What are these errors and how do I handle them?
-
10-07-2019 - |
Question
I am using this simple code
for l in bios:
OpenThisLink = url + l
response = urllib2.urlopen(OpenThisLink)
to open about 200 urls and search them with regex (and BeautifulSoup), but after a dozen or so I get these errors and IDLE quits. What do they mean? How can I handle them?
Thank you.
Traceback (most recent call last):
File "\PROJECTS\JD\jd10.py", line 15, in <module> response = urllib2.urlopen(OpenThisLink)
File "C:\Python26\lib\urllib2.py", line 124, in urlopen return _opener.open(url, data, timeout)
File "C:\Python26\lib\urllib2.py", line 389, in open response = meth(req, response)
File "C:\Python26\lib\urllib2.py", line 502, in http_response 'http', request, response, code, msg, hdrs)
File "C:\Python26\lib\urllib2.py", line 421, in error result = self._call_chain(*args)
File "C:\Python26\lib\urllib2.py", line 361, in _call_chain result = func(*args)
File "C:\Python26\lib\urllib2.py", line 597, in http_error_302 return self.parent.open(new)

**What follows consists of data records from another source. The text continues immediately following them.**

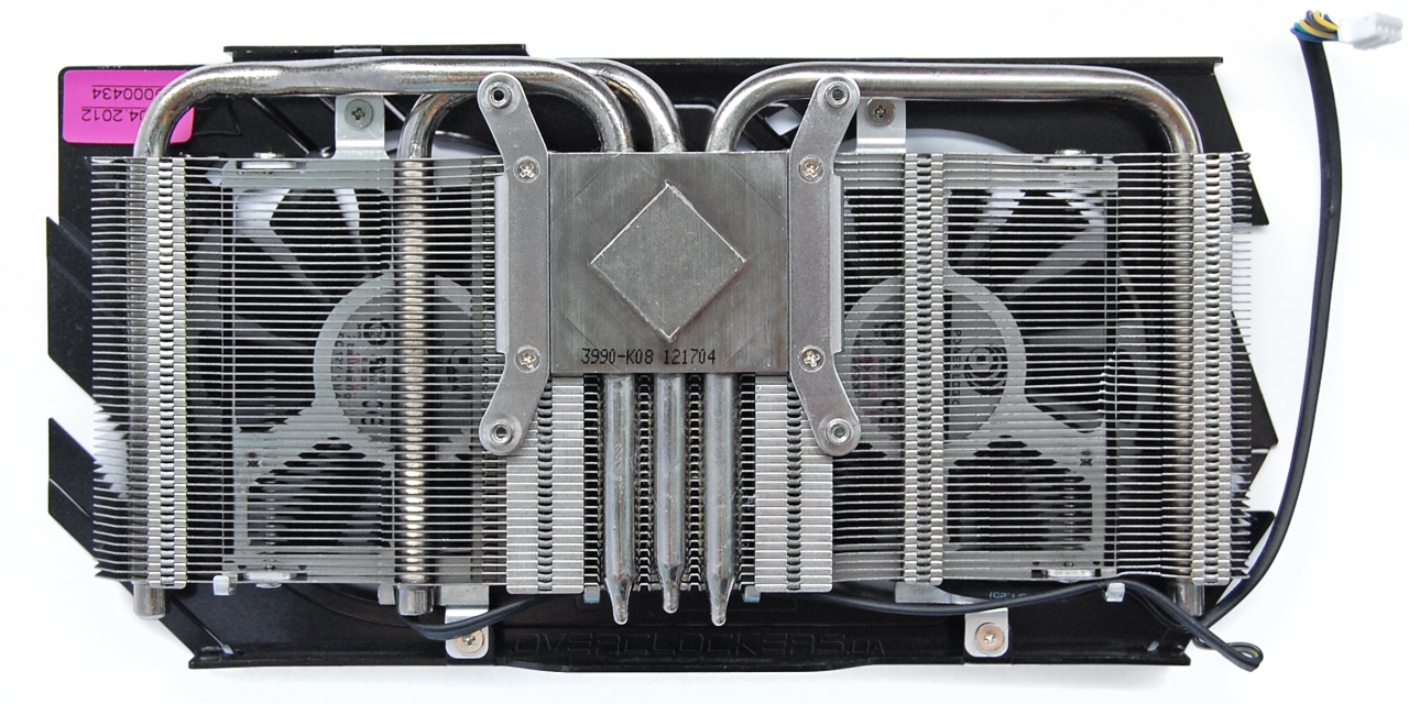 Система охлаждения выполнена по стандартному дизайну Twin Frozr, но радиатор меньше чем у MSI R7870 Hawk или R7870 Twin Frozr 2GD5/OC. Стало меньше и тепловых трубок — их три вместо пяти. Но Radeon HD 7850 намного экономичнее и холоднее старших товарищей, так что такие упрощения не должны быть критичными.
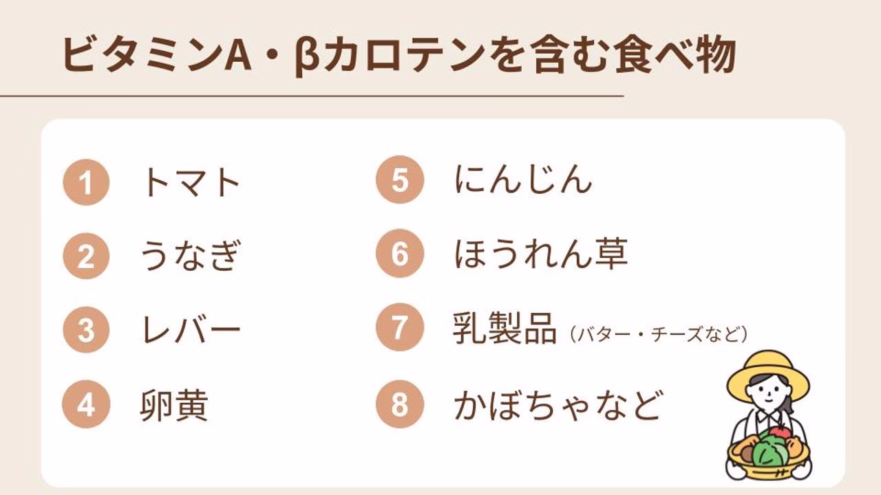 ビタミンA:粘膜や皮膚、目の健康、暗がりでの視力の維持に働きかける
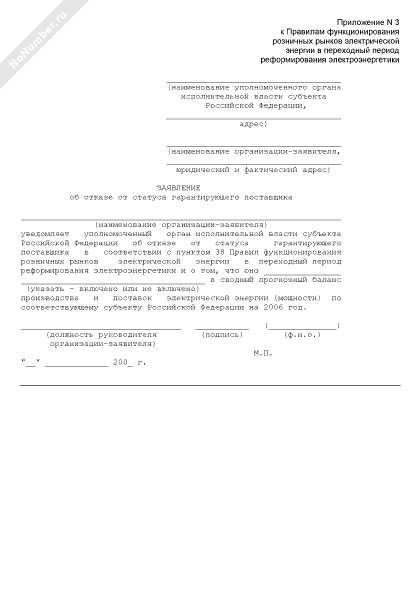 - 2514Заявление об отказе от статуса гарантирующего поставщика электрической энергии (мощности)

File "C:\Python26\lib\urllib2.py", line 389, in open response = meth(req, response)
File "C:\Python26\lib\urllib2.py", line 502, in http_response 'http', request, response, code, msg, hdrs)
File "C:\Python26\lib\urllib2.py", line 421, in error result = self._call_chain(*args)
File "C:\Python26\lib\urllib2.py", line 361, in _call_chain result = func(*args)
File "C:\Python26\lib\urllib2.py", line 597, in http_error_302 return self.parent.open(new)
File "C:\Python26\lib\urllib2.py", line 389, in open response = meth(req, response)
File "C:\Python26\lib\urllib2.py", line 502, in http_response 'http', request, response, code, msg, hdrs)
File "C:\Python26\lib\urllib2.py", line 427, in error return self._call_chain(*args)
File "C:\Python26\lib\urllib2.py", line 361, in _call_chain result = func(*args)
File "C:\Python26\lib\urllib2.py", line 510, in http_error_default raise HTTPError(req.get_full_url(), code, msg, hdrs, fp) HTTPError: HTTP Error 404: Not Found
Solution
The error being raised is HTTPError
- specifically, a 404 is being thrown for one of your URLs. You could either ignore it:
for l in bios:
OpenThisLink = url + l
try:
response = urllib2.urlopen(OpenThisLink)
except urllib2.HTTPError:
pass
Or, you could re-raise the error with a (marginally) more meaningful message:
for l in bios:
OpenThisLink = url + l
try:
response = urllib2.urlopen(OpenThisLink)
except urllib2.HTTPError as e:
raise Exception('Error opening %s: %s' % (e.geturl(), e))
OTHER TIPS
I don't know anything about the particular libraries you're using. However, this looks to me like one big stack trace that leads to this original error at the very end:
HTTPError: HTTP Error 404: Not Found
I think one of the links was bad and that triggered an exception which wasn't caught.
Edit: By "bad" I mean the page couldn't be retrieved by the server, hence the 404 error.